Дело было в июне, тогда еще праздник был. День рождения поэта. Поэта русско-африканского и во всех отношениях замечательного. А стукнуло ему ни много ни мало - 200 лет.

Между тем герой наш, Евгений, жил где-то на Мойке, служил в департаменте юстиции, а в свободное время любил покурить гашиш. Вот и теперь, не будучи почетным членом клуба Т.Готье, он без малейшего на то сожаления выпускал колечки ароматного, но слегка горьковатого дыма, сидя на кушетке в гостиной.

В ту пору стал являться Евгению неведомый гость. Сперва, как водится, по ночам (так уж их племенем положено), потом по вечерам, а раз прямо посреди обеда. Было это так.
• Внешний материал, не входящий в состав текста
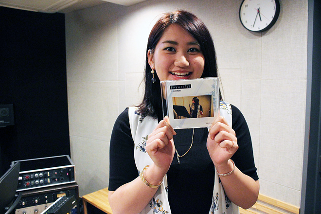 今回は、絢香のスタッフである吉岡航さんがレコーディングに立ち合い、ボーカルディレクションしてくれるということもあり、本人はさぞかし緊張して前日は眠れなかったのでは…と思いきや、「昨日はぐっすり眠りました!」とのこと。さすが、グランプリを受賞するだけのことはあって、歌唱への自信を伺わせた。歌手を目指しており、音楽を学びながら作詞作曲も自ら行いライヴを行うなどしているそうだ。
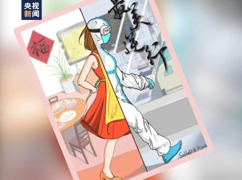 設(shè)計(jì)師董思喬的母親,是北京大學(xué)人民醫(yī)院的一名醫(yī)務(wù)工作者。在董思喬七歲那年,正逢非典暴發(fā),她的母親堅(jiān)守崗位留在醫(yī)院救治患者。十七年后,新冠肺炎來襲,她看到很多醫(yī)務(wù)工作者也像當(dāng)年她的母親一樣在最危險(xiǎn)的地方戰(zhàn)斗,義無反顧,馳援武漢。于是,她拿出畫筆畫出她心中醫(yī)務(wù)工作者們最美的樣子:“身后,是飄香的飯菜,是溫馨的家;面前,是防疫一線,是需要救治的患者。逆行者們,愿你們平安歸來。”
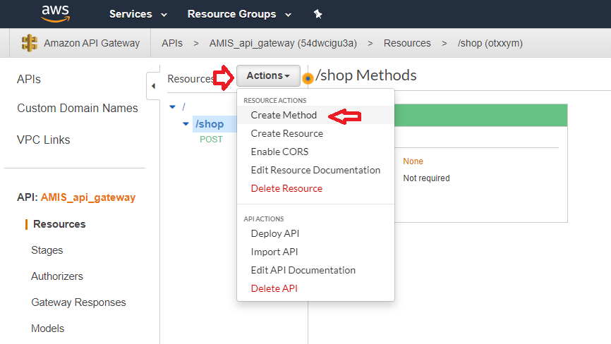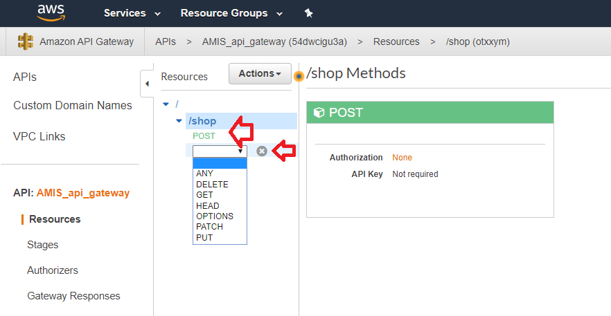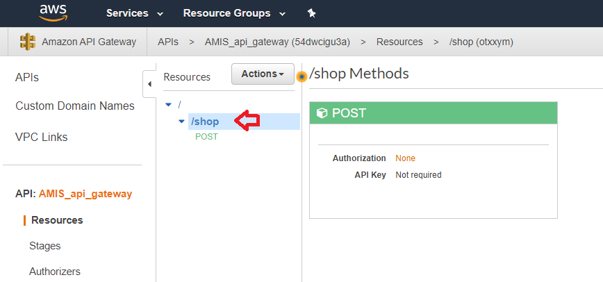 You will come on the screen with resources. Resources are your end points: it is the latest part of the link we use when we send data to the API Gateway. Let’s look at these links: you might have seen the following text when you roll out the shop in your own environment:
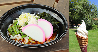 うどんやフライドポテト、自家製ソーセージなど軽食が味わえます。またソフトクリームも人気です。メニューは時季によって変わります。【不定休】 ※雨天の場合CLOSE
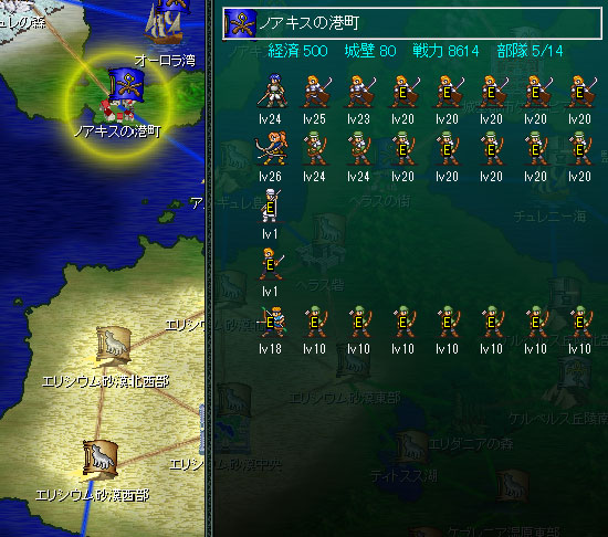 放浪人材になっていたルイスがマスケット軍に復帰しています。せっかく人材ユニットを放浪させたのに無駄になるかもしれない。もうノアキスの港町はリオンの主力じゃないと占領できないだろう。
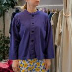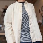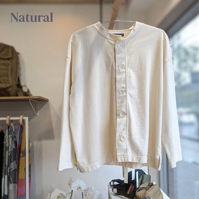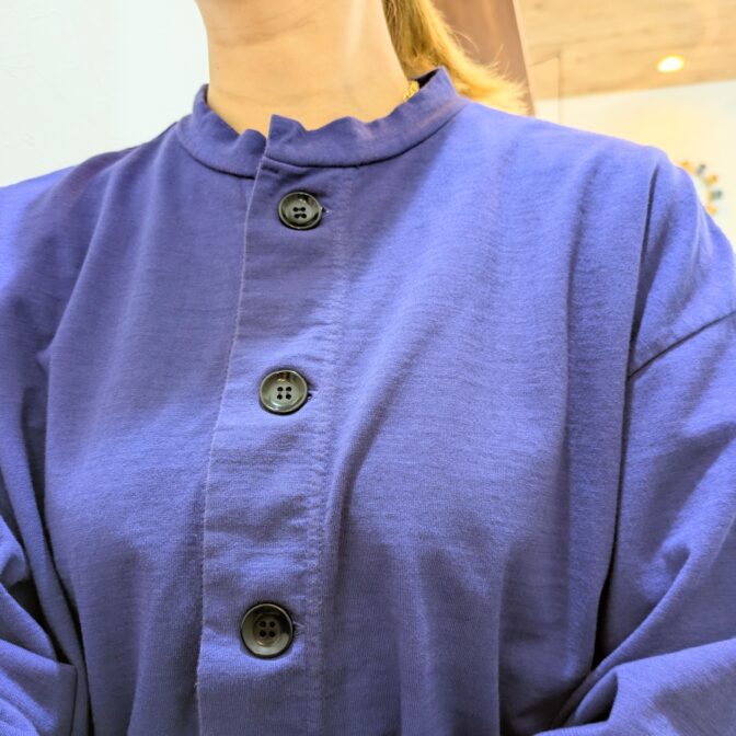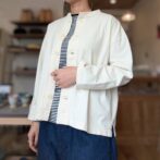 首元は少し立ち上がり、たっぷりと取られた身幅で、やや厚手のインナーの上からもすっきりと羽織れる作りです。
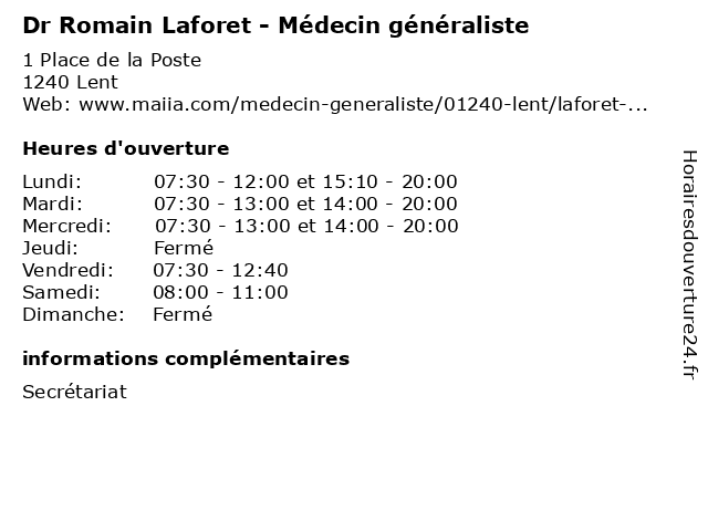 | Lundi | 07:30-12:00 et 15:10-20:00 |
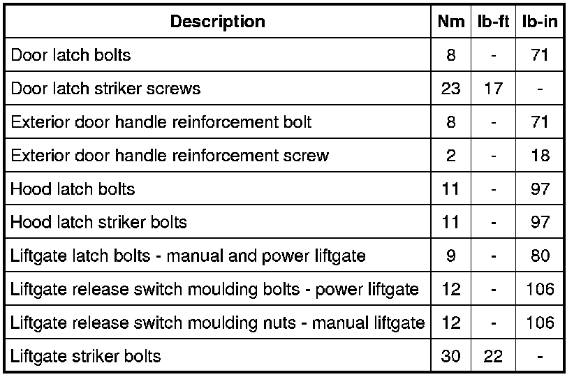 Torque Specifications
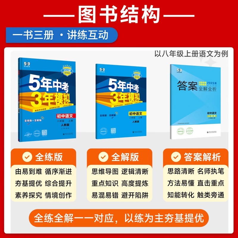 2025秋新五三五年中考三年模拟八年级上下册数学物理必刷题语文英语政治历史人教版 真题同步练习地生会考复习讲解资料书 北师译林版
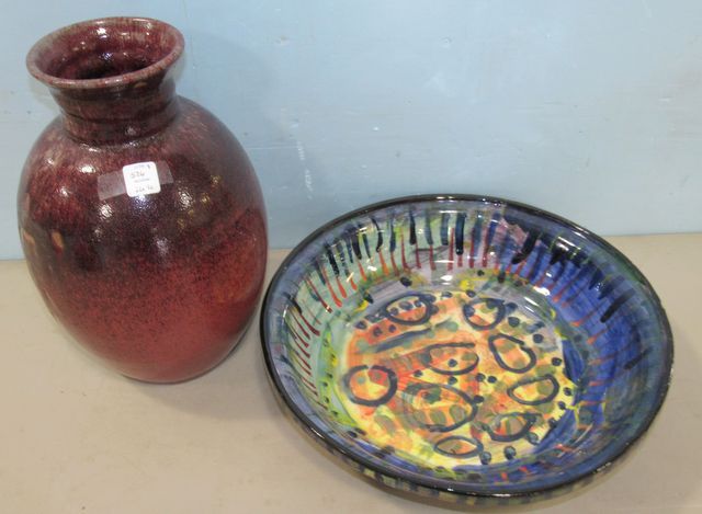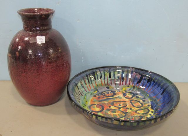 Mustard Seed bowl 4"h., 15"dia., Wine colored pottery vase by Emmett Collier 14"h. Mustard Seed bowl 4"h., 15"dia., Wine colored pottery vase by Emmett Collier 14"h.
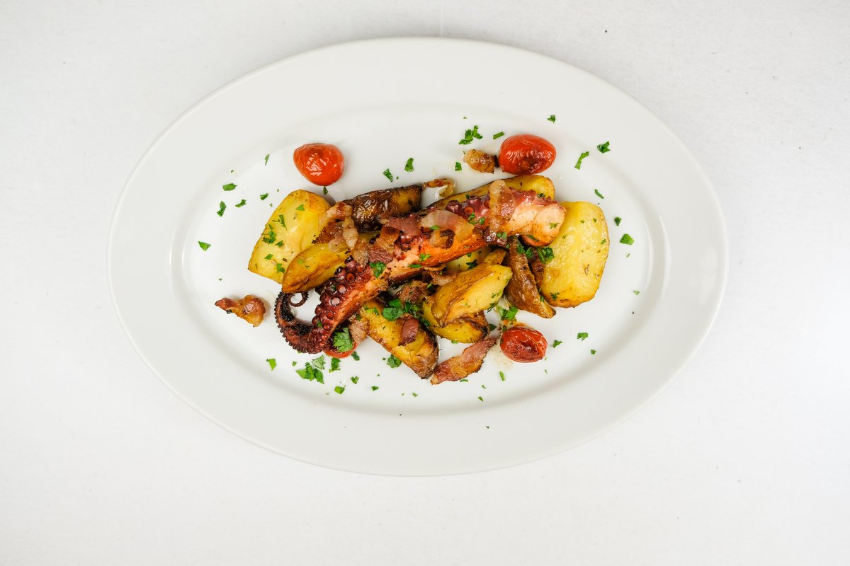 al forno grilovaná chobotnice s bramborem a kousky guanciale
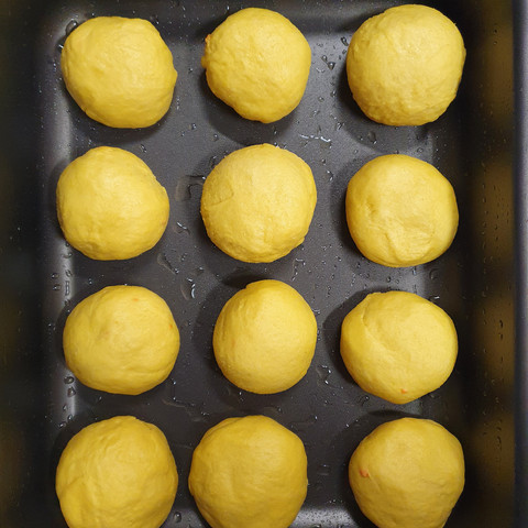 Em uma forma untada e polvilhada (se necessário), coloque os pães modelados a seu gosto e deixe-os crescer por mais 40 minutos**** ou até dobrar de volume.

Евгений как раз приканчивал вторую порцию растворимой лапши "Доширак", как вдруг дверь в гостиную отворилась, и вошел ОН. Ложка выпала из рук сама собой. Вошедший засмеялся. Одет он был в черный фрак с перекинутым через плечо красно-зеленым покрывалом; зеленые (под стать накидке) глаза и пышные бакенбарды венчали всю его невысокую фигуру. Пушкин по всему! Итак: вошел, остановился, сел на табурет, руки на стол положил. Тонкие пальцы кончались длинными ногтями. Побарабанив ими по столу, Пушкин протянул руку Евгению:

- Пушкин, - представился он.

- Евгений, - ответил Евгений, пожав ему руку. Рука была горячей и легкой.

- А город уже не тот, что был прежде, - заметил гость. – Сколько огней, неоновых вывесок, рекламы. Былого света вот только нет, да и не жаль! Эх! Однако, как же весело было в году эдак-так 31-ом! Сегодня бал? А завтра будет два? Бывало, я еще в постеле, ко мне записочки несут… Впрочем, что это я? Вы, наверное, сами читали.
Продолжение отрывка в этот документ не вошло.